Let me give you a concrete example. Imagine a large company’s annual report with an organizational chart on page 12. It shows the CEO at the top, connected to various department heads via reporting lines, with teams and sub-teams branching off each one.

During ingestion, a VLM looks at this chart and produces something like:

“Organizational chart showing CEO at the top with reporting lines to several department heads including VP Engineering, VP Sales, VP Operations, Chief Financial Officer. Each department has teams and sub-teams below them.”

That’s a perfectly reasonable summary. It captures the visual type, the main entities, and the general structure. It would be helpful if someone asked “what departments does the company have?” or “what kind of chart is on page 12?”

But now consider these questions:

  • “Which teams directly report to the VP of Engineering?”
  • “Does the CFO have oversight over any operations-related teams?”
  • “Trace the reporting path from the Data Platform team to the CEO.”

The ingestion summary doesn’t answer any of these. It mentions the VP of Engineering by name but doesn’t list what’s below them. It doesn’t mention the Data Platform team at all. The summary is too high-level because, at ingestion time, there was no way to know which specific connections and entities would matter.

This is the fundamental issue: ingestion-time summaries are question-agnostic, but good answers are question-specific.

The same problem shows up with financial tables rendered as images, trend charts with data points, process flow diagrams, and basically any visual element where the density of information exceeds what a single generic prompt can reasonably extract.

The Standard Approaches and Where They Fall Short

The multimodal RAG space has been moving fast. ColPali, VisRAG, and similar approaches treat document pages as images and embed them directly using vision-language models, skipping text extraction entirely. These are exciting for retrieval, but they still need a VLM to generate the final answer from the retrieved page images.

For document-heavy enterprise RAG systems, the landscape roughly breaks into three patterns:

Pattern 1: Text grounding at ingestion. Convert everything to text during ingestion. Images become summaries, tables become markdown, charts become descriptions. The entire index is text. This is the approach NVIDIA recommends as an “architectural backbone” for multimodal RAG, and it’s the most production-proven pattern. The downside is the information loss I described above. You’re compressing a 2D visual structure into a 1D text description, and you only get one chance to decide what matters.

Pattern 2: Multimodal embeddings. Use a model like voyage-multimodal-3 or CLIP-based embeddings to encode images and text into the same vector space. At retrieval time, a text query can match against image embeddings directly. This solves the retrieval problem, but you still need to actually read the image at generation time, and most implementations just pass the raw image to the generator without question-aware extraction.

Pattern 3: Page-level VLM generation.
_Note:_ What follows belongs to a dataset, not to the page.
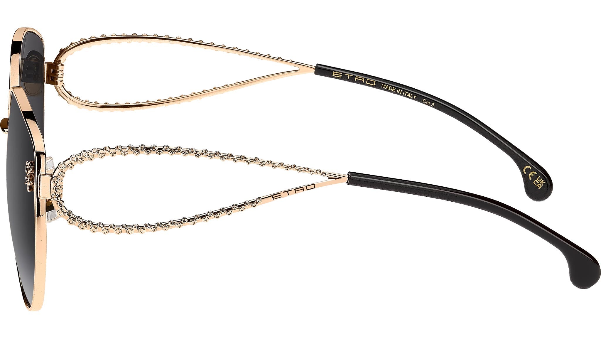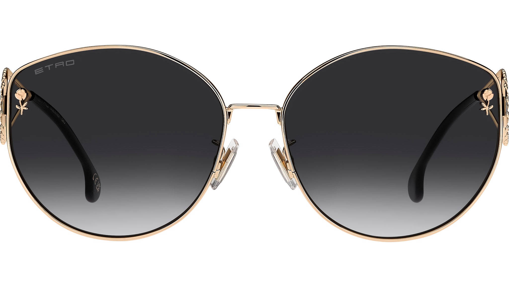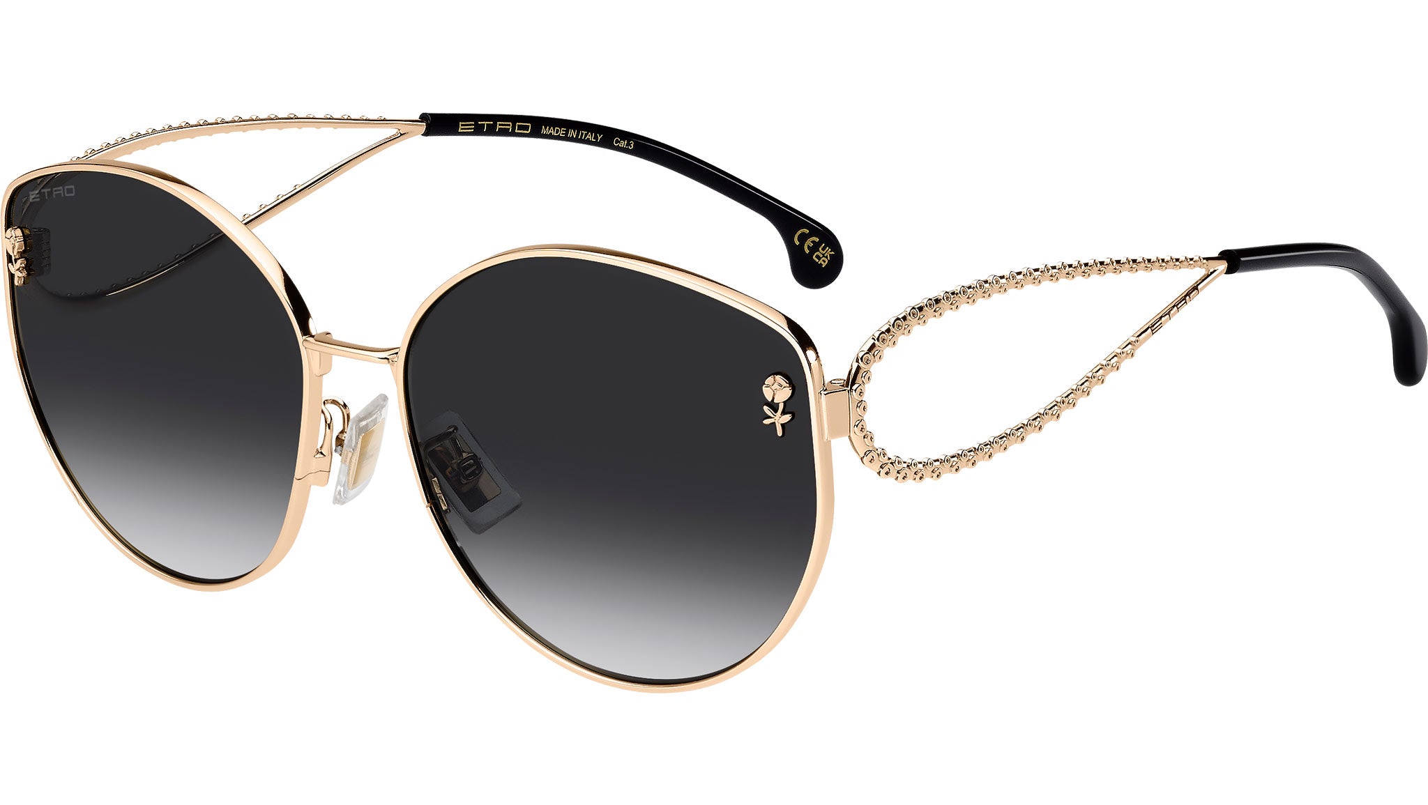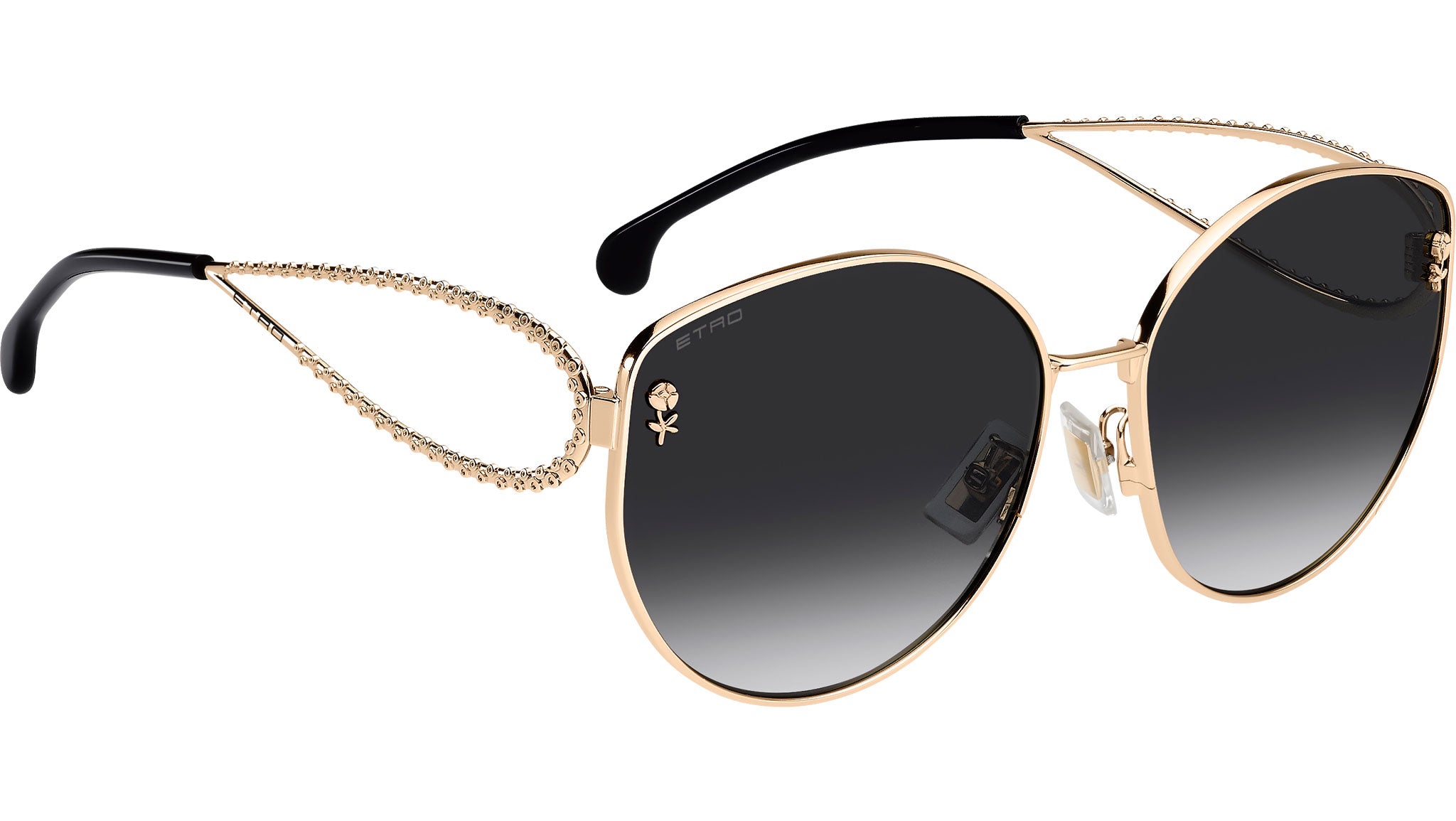 Occhiali da sole Etro 0072/F/S 000 9O donna con montatura cat eye in metallo oro rosa e lenti in CR-39 grigio scuro sfumato. Un omaggio alla creatività e all'arte, questi occhiali da sole ETRO prendono ispirazione dalla collezione di gioielli del brand. La silhouette in metallo, leggera ed essenziale, è arricchita da aste scultoree lavorate con una tecnica di cesellatura innovativa che dona un effetto tridimensionale. Il motivo Paisley, reinterpretato nelle aste arrotondate, assicura un comfort quotidiano, mentre i dettagli floreali e il logo brillante completano un design che unisce raffinatezza e funzionalità. Linea: Etromania. Codice modello: 207872. Codice colore: 000 9O. Rivenditore autorizzato Etro online. Gli occhiali vengono consegnati con custodia e accessori originali e sono coperti dalla garanzia ufficiale di 12 mesi del produttore.

Retrieve relevant page images via ColPali or similar, then feed the page images directly to a large VLM for answer generation. This preserves all visual information, but it’s expensive at inference time (you’re sending full page images through a VLM for every question) and requires a VLM capable of reasoning across multiple pages simultaneously.

What I found missing was a pattern that combines the efficiency of text grounding with the accuracy of question-aware image reading. That’s the gap the dual-VLM approach fills.

The Dual-VLM Architecture

The core idea is straightforward: use two VLMs at two different stages, with two different jobs.

VLM #1: The Ingestion Summarizer

During ingestion, a smaller, faster VLM looks at every extracted image and produces a structured summary. This summary serves two purposes:

  1. It becomes the content field of the image chunk that gets indexed alongside text and table chunks.
  2. It provides the text that gets embedded into a vector for retrieval.

The prompt for this VLM is generic and structured. It asks for a title, visual type, relevance tag, contextual summary, and a transcription of all visible text, numbers, and labels. The instruction is broad: extract everything you can see. If the image is blank or meaningless, return a sentinel value so it gets filtered out.

This VLM doesn’t need to be the most powerful model available. It needs to be fast (because it processes every image in the document) and good enough to produce a summary that will match relevant search queries. In my system, this was a 90B parameter vision-instruct model.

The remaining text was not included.